A biomarker is an objective measure (e.g., classically a genomic/transcriptomic/epigenomic alteration, gene, protein, metabolite, or their groups), typically used to predict the incidence of disease, its progression, or treatment outcome (Strimbu and Tavel, 2010; McDermott et al., 2013). In the context of oncology, biomarkers are classically used for cancer risk assessment and screening, tumor staging, disease recurrence, selection of initial therapy, alternative therapy choices, and monitoring for therapeutic toxicities (Ludwig and Weinstein, 2005).
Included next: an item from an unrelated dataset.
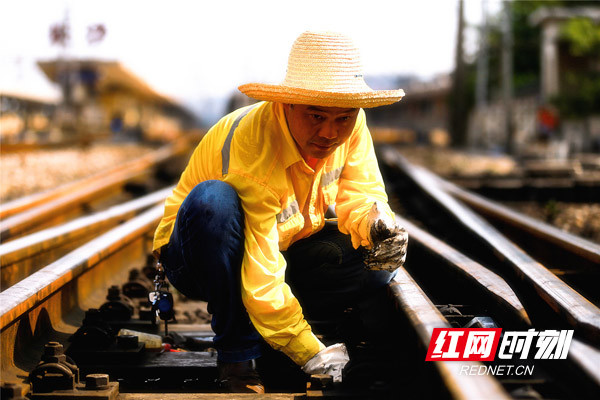近日,記者跟隨長沙電務(wù)段工作人員一同進入長沙火車站站場,看到該段長沙信號車間的10余名信號工,頭戴草帽、手拿工具正在進行檢修作業(yè)。“我們工區(qū)主要是負責道岔‘病害’整治,工作強度大,上線作業(yè)5分鐘,工作服幾乎汗透?!?1歲的長沙東信號檢修工區(qū)工長董文海說道。

While employed in clinical use, the existing biomarkers are still sparse and suffer from issues of reproducibility and heterogeneity, alongside a lack of understanding of their underlying regulatory mechanisms (Ludwig and Weinstein, 2005; Boutros, 2015).
One of the reasons for such a knowledge gap is the fact that the majority of biomarkers are identified from gene-centric approaches (we will refer to gene/protein/metabolite etc.,-centric approaches as gene-centric approaches for simplicity), where either a specific gene is investigated (based on previous biological assumptions) or a gene(s) is selected based on differential behavior without connection to the upstream and downstream molecular mechanisms. Gene-centric findings are often limited in mechanistic interpretability and connectivity to other molecular processes, positioning such biomarkers as passengers, rather than drivers, of the biological process and thus are often dataset specific (Michiels et al., 2005; Chng et al., 2016).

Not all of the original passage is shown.